I currently have 3 still with me, and they are all doing GREAT! They have started to color up!

Here is where they started, at a couple days old:










Here is where they are now!! They will be 7 weeks old on Friday:


----------



## snyderguy (Feb 9, 2010)

Very nice! I feel like swordtail, guppy, and platy fry take FOREVER to grow up. It's definitely fun watching them do so though.


----------



## Kimberly (Jan 22, 2012)

I know!! It didn't even seem like they were growing/changing until they started to get their colors.


----------



## julem35 (Dec 22, 2010)

So beautiful ,congrats! I had a dropping of 13 guppy fry on March 16th, and they are growing up fast! I can't wait to see their colors


----------



## arch aquatics (Feb 28, 2012)

We have a koi sword pair that has been taught to not eat their babies and yesterday they got moved during water changes to a new love nest

They left behind in the old love nest about 50-75 babies from the last 2 drops that she had

i will try to get pics today of them. Some have really good markings and will be kept on for future breeding in house


----------



## Kimberly (Jan 22, 2012)

arch aquatics said:


> We have a koi sword pair that has been taught to not eat their babies


How do you teach them to not eat their babies?


----------



## arch aquatics (Feb 28, 2012)

If you put the babies in one of those clear brooders and let them in the tank

After the parents bang their noses enough they figure out that it hurts so we won't try to eat them!

A blessing for someone like me whom keeps a lot of tanks and may not have time to stop and grab a mother if she starts squirting


----------



## Kimberly (Jan 22, 2012)

Wow, that is very cool. I guess I wouldn't have thought you could train them. But i suppose it is possible!

Here are some better pictures i look of them.

Oh and does anyone know what those three blackish vertical lines on the fry are or what they will turn out to look like when he is an adult? I'm just very curious, they look interesting at this point.


----------



## iheartfish:) (Jan 19, 2011)

They look really nice  Congrats on such beautiful fry.


----------



## kurka (Jan 2, 2012)

I feel ur excitment!
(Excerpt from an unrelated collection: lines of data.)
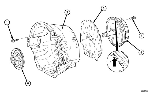 8. Install the holding clutch B1 (5) onto the converter housing and intermediate plate. Installed position of clutch B1 in relation to converter housing is specified by a plain dowel pin in clutch B1 (arrow).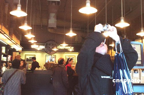 圖:華人華僑樂(lè)逛星巴克第一家咖啡店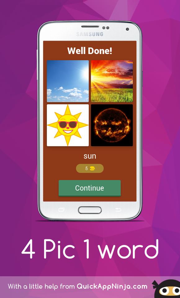 它涉及猜測正確的單詞,該單詞描述了屏幕上顯示的4個圖片。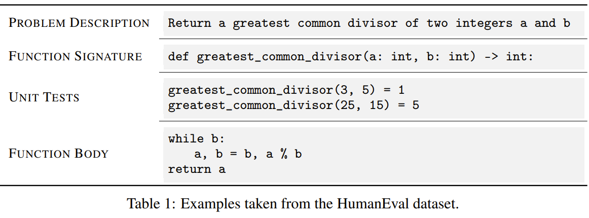 模型的一次生成通过率(PASS@1)是代码语言生成模型最重要的能力衡量指标。PanGu-Coder采用了OpenAI发布的HumanEval以及谷歌发布的MBPP两个函数级代码生成任务的数据集作为评测目标。表1给出了HumanEval中一个非常简单的例子。PanGu-Coder生成的代码需要通过单元测试(Unit Tests)才被认为生成正确。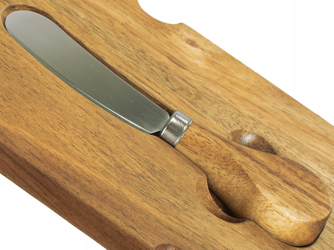 - Pokrywa wykonana z drewna akacjowego, w której umieszczony jest nóż do masła (w zestawie)

I just noticed that my first set of swordtail fry I had about 9 mths ago are starting to show the sex and the beginning part of the swordtail it starting to narrow out


----------



## endlerguppy (May 7, 2012)

*it looks*

it looks like you might have a male and 2 females but the 2 that i think are females might change to males but i might be wrong about all of them.


----------